Le cas de René-Louis Doyon est exemplaire du paradoxe des ratés qui oeuvrent comme des forcenés, avec talent parfois, sans jamais infléchir le destin. Né le 2 novembre 1885 à Blida (Algérie), Doyon fut lucide cependant et s'est peint en "candidat parfait aux épaves". (Géronte aux assises, 1932). Esprit curieux et vigoureusement non-conformiste, il se déclare battu mais, bretteur, ne sait pas éviter les débâcles dont les plus profondes sont un mariage désastreux, des amitiés sabotées, de vives polémiques.

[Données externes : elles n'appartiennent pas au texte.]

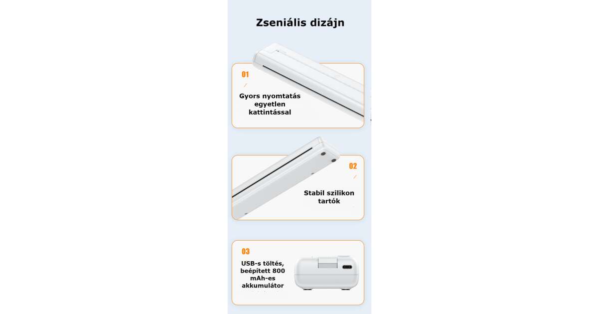- Nagy kapacitású akkumulátor: Kb. 100 oldal nyomtatására elegendő. (1000 mAh)

. Quant à son oeuvre personnelle, elle est inégale. Son roman Le Baiser du retour a par exemple motivé ce commentaire terrible et drôle de son ami Joseph Bollery : "Baudelaire écrivant du Jean Aicard ou Flaubert du Georges Ohnet ne me causerait pas une déception plus pénible... Je verrais mon père, tendrement aimé et passionnément vénéré, bégayer tout à coup et faire des petits pâtés avec du sable que je ne serais pas assommé davantage." C'est aller vite que de laminer ainsi ce lettré curieux, fin, audacieux dont le style chantourné est parfois gouleyant, souvent admirable.

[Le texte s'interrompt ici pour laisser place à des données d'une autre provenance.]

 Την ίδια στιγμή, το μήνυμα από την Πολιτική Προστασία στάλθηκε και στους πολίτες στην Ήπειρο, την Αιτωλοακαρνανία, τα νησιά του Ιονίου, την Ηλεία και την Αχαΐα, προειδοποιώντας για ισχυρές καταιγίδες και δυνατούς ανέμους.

En 1925, Doyon détaille ainsi sa méthode : "Ni plan, ni brouillon, ni note, ni références; j'enfante dans la fièvre (...) sans souci d'esthétique, d'éthique, de morale ni de public.(...) J'aime à la conception et, en vrai mâle, j'oublie mes enfants. (...) Ses bonnes pages ne manquent pas -notamment dans les croustillants Mémoires d'homme, souvenirs irréguliers d'un écrivain qui ne le fut pas moins (1953). Et puis il fit bien un métier d'éditeur qu'il concevait avec grandeur en travaillant avec les meilleurs typographes de son temps (Audin, Coulouma, Nypels) et mit à ses travaux sur Rictus, Tillier ou Péladan une verve et une érudition que l'on retrouve dans les Livrets du Mandarin qu'il rédigea seul entre 1923 et 1963.

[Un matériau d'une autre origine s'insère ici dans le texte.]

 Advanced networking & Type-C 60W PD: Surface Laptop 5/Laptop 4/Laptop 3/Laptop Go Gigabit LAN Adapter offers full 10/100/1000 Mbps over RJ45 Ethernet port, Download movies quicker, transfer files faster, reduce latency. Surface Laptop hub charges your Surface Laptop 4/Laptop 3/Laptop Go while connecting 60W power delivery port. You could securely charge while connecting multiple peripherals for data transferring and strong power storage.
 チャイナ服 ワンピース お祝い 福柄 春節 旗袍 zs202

On ignore la raison pour laquelle Doyon choisit en 1910 la dignité exotique de "Mandarin" mais on sait qu'il fit parler de lui assez tôt. En Algérie d'abord où ses aspirations paraissent étranges. L'enfant aime avec passion la musique, le théâtre et aborde à quinze ans la religion catholique. À "l'audition d'une messe chantée mon adhésion devint impérieuse au chant de la Préface (...) Je n'avais pas compté ma famille, ma mère, les préjugés ni mesuré mes propres possibilités. Le résultat fut une suite de catastrophes." Il renonce au métier d'instituteur, s'engage dans des travaux dilatoires, "grossoyant chez un notaire, représentant d'un vain commerce, étouffant partout; j'allais même jusqu'à demander à un forgeron de me laisser apprendre son métier! (...) toutes les portes et elles étaient peu nombreuses demeuraient closes." Pour passer le temps, il compose poèmes, chroniques, billets d'humeur qu'il place dans les journaux algériens avant de se préparer à la vie religieuse.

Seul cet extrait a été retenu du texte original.